WORK REQUIRED: If an entry below holds a picture, leave the picture out and print the rest exactly.

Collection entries
....................

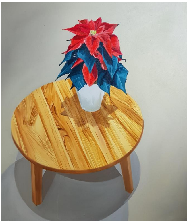
Vánoční hvězda, olejomalba na plátně, 120 x 100 cm, 2019
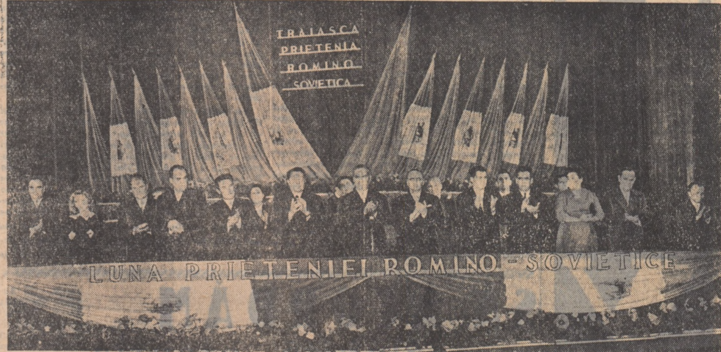
Prezidiul adunării festive
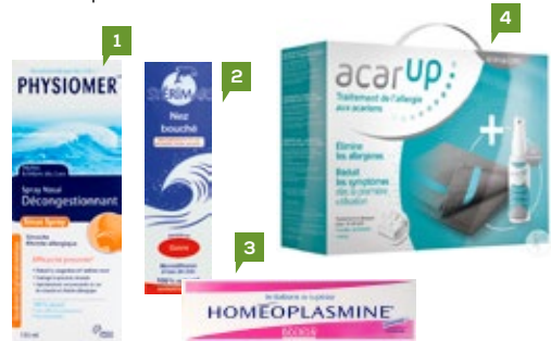
1. Physiomer® Sinus 135 ml | 2. Stérimar® Hypertonique 100 ml 3. Homeoplasmine® 40 gr | 4. Acar'Up® Kit Familypack (2 x 100 ml + 2 supports)
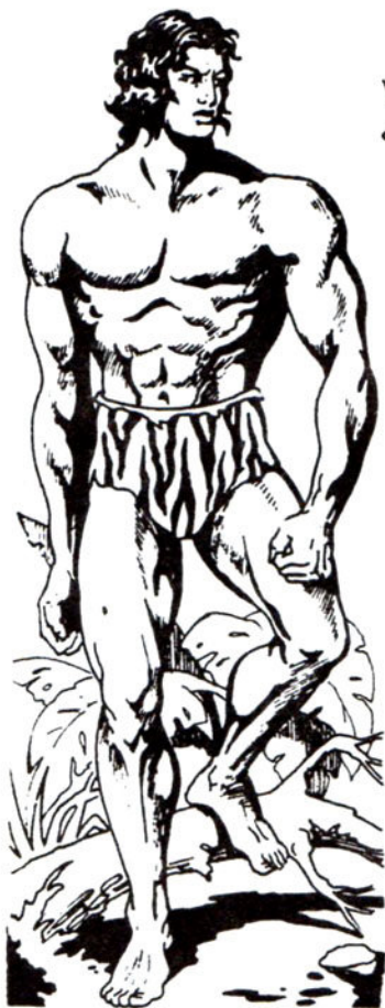
Ὁ μελαψός γίγαντας

Μιά νέα περιπέτεια γεμάτη δράση καί δυναμισμό! «Η ΠΑΓΙΔΑ ΤΟΥ ΘΑΝΑΤΟΥ»
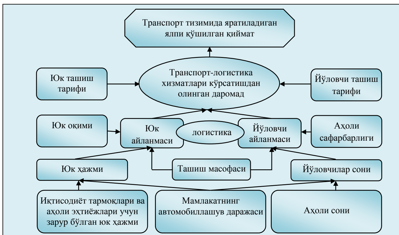
1-расм. Транспортда қўшилган қийматнинг шаклланиши.

Яратилган қўшилган қиймат транспорт-логистика хизматлари кўрсатишдан олинган даромаддан транспорт операторларининг оралик истеъмол учун бошқа ташкилотлардан харид қилган маҳсулот ва хизматларини айириб ташлаш орқали ҳисобланиши мумкин. Демак, унинг шаклланишига нафақат ташилган юк ёки йўловчилар ҳажми, балки ташиш баҳоси ва харажатлари ҳам муҳим рол ўйнайди.
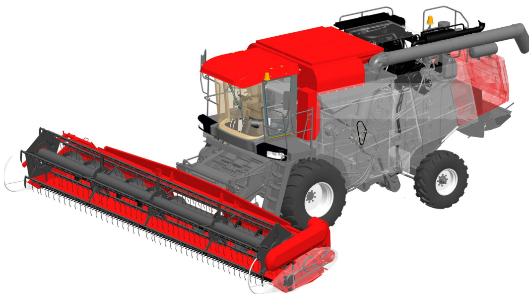
Рисунок 5. Создание 3D модели самоходной сельскохозяйственной машины

Работа с такими системами требует помимо знания предметной области также знаний и умений владеть инструментарием, в качестве которого выступают сложные многофункциональные программные комплексы, основанные на самых современных информационных технологиях.
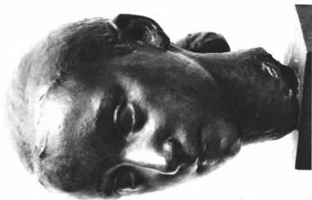
CHARLES DESPIAU: FIATAL LEÁNY KÉPMÁSA Luxembourg museum Paris
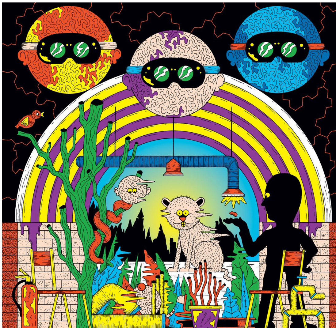
L'illustration du spectacle par Fräneck pour le programme du Théâtre Nouvelle Génération – CDN de Lyon

Objectif : Il s'agit de réinvestir les connaissances sur les 3 utopies pour lire l'image et interpréter les choix scénographiques du spectacle.
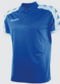
Polo Kappa TINASIO
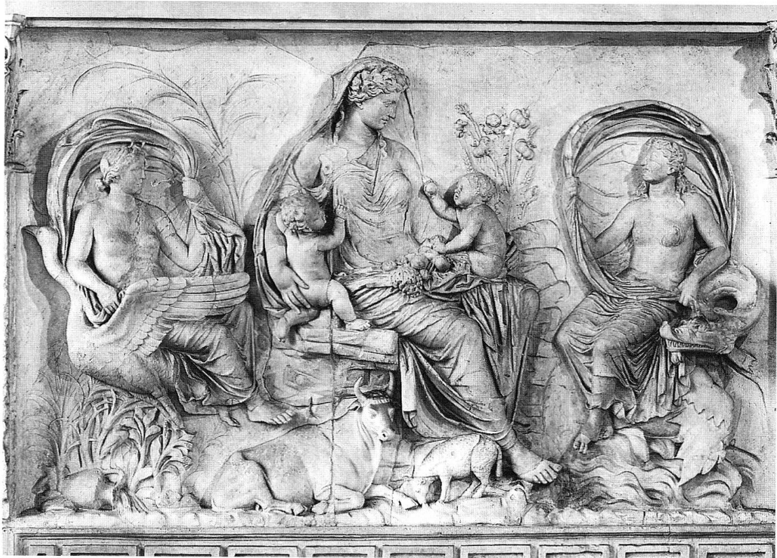
Fig. 2. Ara Pacis Augustae, Rome (13–9 av. J.-C.).

l' Ara Pacis Augustae , cet autel monumental érigé en 13 av. J.-C. pour célébrer l'œuvre pacificatrice d'Auguste (fig. 2). La figure féminine centrale personnifie la Terre nourricière; elle est entourée de symboles de prospérité et de fertilité, des fleurs, des fruits, des animaux; deux jumeaux potelés sont assis dans son giron, gages d'abondance et de fécondité. Cette célébration de la gémellité est aussi présente dans le monnayage impérial. Marc-Aurèle fit ainsi frapper un sesterce pour commémorer la naissance, le 31 août 161, de ses fils jumeaux, le futur empereur Commode et son frère Antonin. Le type montre l'impératrice Faustine la Jeune en Felicitas debout, portant les jumeaux dans ses bras et entourée de ses quatre fillettes 14 .
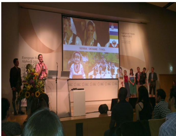
„International Evening“ - nakon Austrije, Hrvatska je 2011. s 36 sudionika imala najveći broj predstavnika u odnosu na ostale države
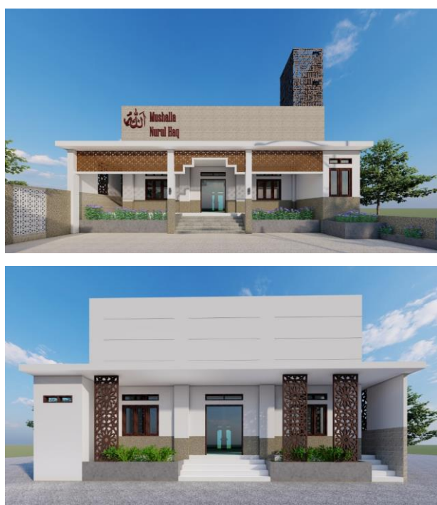
Gambar 5. Rencana desain eksterior musala

Halaman depan perlu dilakukan perbaikan agar memudahkan jama'ah untuk memarkirkan kendaraan. Bangunan juga dilengkapi dengan koridor di samping untuk memberikan ruang transisi antara musala dan ruang di sebelahnya. Koridor ini juga dapat menjadi area beristirahat jama'ah. Penambahan vegetasi juga dilakukan untuk memberikan kesejukan dan kesan asri pada bangunan.
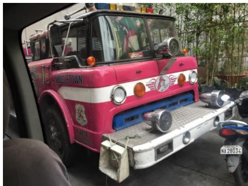
圖 2 防火會自備粉紅色消防車

....................

RESULT:
Vánoční hvězda, olejomalba na plátně, 120 x 100 cm, 2019
Prezidiul adunării festive
1. Physiomer® Sinus 135 ml | 2. Stérimar® Hypertonique 100 ml 3. Homeoplasmine® 40 gr | 4. Acar'Up® Kit Familypack (2 x 100 ml + 2 supports)
Ὁ μελαψός γίγαντας

Μιά νέα περιπέτεια γεμάτη δράση καί δυναμισμό! «Η ΠΑΓΙΔΑ ΤΟΥ ΘΑΝΑΤΟΥ»
1-расм. Транспортда қўшилган қийматнинг шаклланиши.

Яратилган қўшилган қиймат транспорт-логистика хизматлари кўрсатишдан олинган даромаддан транспорт операторларининг оралик истеъмол учун бошқа ташкилотлардан харид қилган маҳсулот ва хизматларини айириб ташлаш орқали ҳисобланиши мумкин. Демак, унинг шаклланишига нафақат ташилган юк ёки йўловчилар ҳажми, балки ташиш баҳоси ва харажатлари ҳам муҳим рол ўйнайди.
Рисунок 5. Создание 3D модели самоходной сельскохозяйственной машины

Работа с такими системами требует помимо знания предметной области также знаний и умений владеть инструментарием, в качестве которого выступают сложные многофункциональные программные комплексы, основанные на самых современных информационных технологиях.
CHARLES DESPIAU: FIATAL LEÁNY KÉPMÁSA Luxembourg museum Paris
L'illustration du spectacle par Fräneck pour le programme du Théâtre Nouvelle Génération – CDN de Lyon

Objectif : Il s'agit de réinvestir les connaissances sur les 3 utopies pour lire l'image et interpréter les choix scénographiques du spectacle.
Polo Kappa TINASIO
Fig. 2. Ara Pacis Augustae, Rome (13–9 av. J.-C.).

l' Ara Pacis Augustae , cet autel monumental érigé en 13 av. J.-C. pour célébrer l'œuvre pacificatrice d'Auguste (fig. 2). La figure féminine centrale personnifie la Terre nourricière; elle est entourée de symboles de prospérité et de fertilité, des fleurs, des fruits, des animaux; deux jumeaux potelés sont assis dans son giron, gages d'abondance et de fécondité. Cette célébration de la gémellité est aussi présente dans le monnayage impérial. Marc-Aurèle fit ainsi frapper un sesterce pour commémorer la naissance, le 31 août 161, de ses fils jumeaux, le futur empereur Commode et son frère Antonin. Le type montre l'impératrice Faustine la Jeune en Felicitas debout, portant les jumeaux dans ses bras et entourée de ses quatre fillettes 14 .
„International Evening“ - nakon Austrije, Hrvatska je 2011. s 36 sudionika imala najveći broj predstavnika u odnosu na ostale države
Gambar 5. Rencana desain eksterior musala

Halaman depan perlu dilakukan perbaikan agar memudahkan jama'ah untuk memarkirkan kendaraan. Bangunan juga dilengkapi dengan koridor di samping untuk memberikan ruang transisi antara musala dan ruang di sebelahnya. Koridor ini juga dapat menjadi area beristirahat jama'ah. Penambahan vegetasi juga dilakukan untuk memberikan kesejukan dan kesan asri pada bangunan.
圖 2 防火會自備粉紅色消防車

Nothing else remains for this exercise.